Jesteśmy mieszkańcami tego miasta, często od wielu pokoleń. Jesteśmy członkami Waszych rodzin, Waszymi przyjaciółmi, sąsiadami, znajomymi. To mała społeczność, małe miasto – znamy się z ulicy, kościoła, jesteście Państwo naszymi pacjentami.
Bolą nas niesprawiedliwe opinię o środowisku lekarskim Krosna. Zdajemy sobie sprawę, że nie jesteśmy bez skazy. Nie pomaga nam tez ogólna sytuacja służby zdrowia w kraju – kolejki, pośpiech i nieustanny brak funduszy.
Boli jednak , kiedy do „jednego złego worka” wrzucani są zaangażowani, profesjonalni lekarze, którzy swój zawód traktują jak misję.
Boli, kiedy daje się wiarę jednemu głosowi – osobie z zewnątrz, nie związanej emocjonalnie z naszym miastem, a nie wierzy się grupie 120 lekarzy, urodzonych w Krośnie, mieszkających tutaj i pracujących od lat.
Szanowni Państwo!
Konflikt w szpitalu to nie jest walka dobra ze złem. Tu nie ma policjanta i złodzieja. Ta sytuacja jest trudna – bo jest złożona.
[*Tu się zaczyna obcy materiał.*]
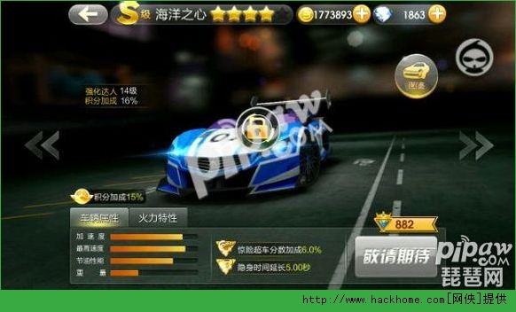 车辆属性:隐身时间延长6秒、惊险超车分数加成5.0%、里程分数加成6.0%

Zarzuca nam się wiele, np.: nieprzestrzeganie regulaminu pracy
Po raz kolejny i zdecydowany mówimy NIE! TE ZARZUTY KIEROWANE POD NASZYM ADRESEM SĄ NIEPRAWDZIWE!
Nasz protest, desperacki krok jest sprzeciwem wobec manipulacji, kłamstwa i niekompetencji Dyrektora Kocója, który realizację programu naprawczego stworzonego przez poprzedników przedstawia jako własne, autorskie osiągnięcie. Jesteśmy zdruzgotani silnym poparciem działań dyrektora i lekceważeniem naszych argumentów.
Szanowni Państwo!
Dla lekarzy krośnieńskiego szpitala najważniejsze jest dobro pacjentów, dobro mieszkańców miasta i okolic. Jesteśmy wierni naszemu przyrzeczeniu i NIE ZOSTAWIMY NASZYCH PACJENTÓW BEZ OPIEKI. Pomimo złożonych przez nas wypowiedzeń NIE ODEJDZIEMY OD ŁÓŻEK I NIE POZWOLIMY NA LIKWIDACJĘ NASZEGO SZPITALA.
Nie możemy pozwolić by ważniejsze od zdrowia i życia mieszkańców były ambicja i polityka.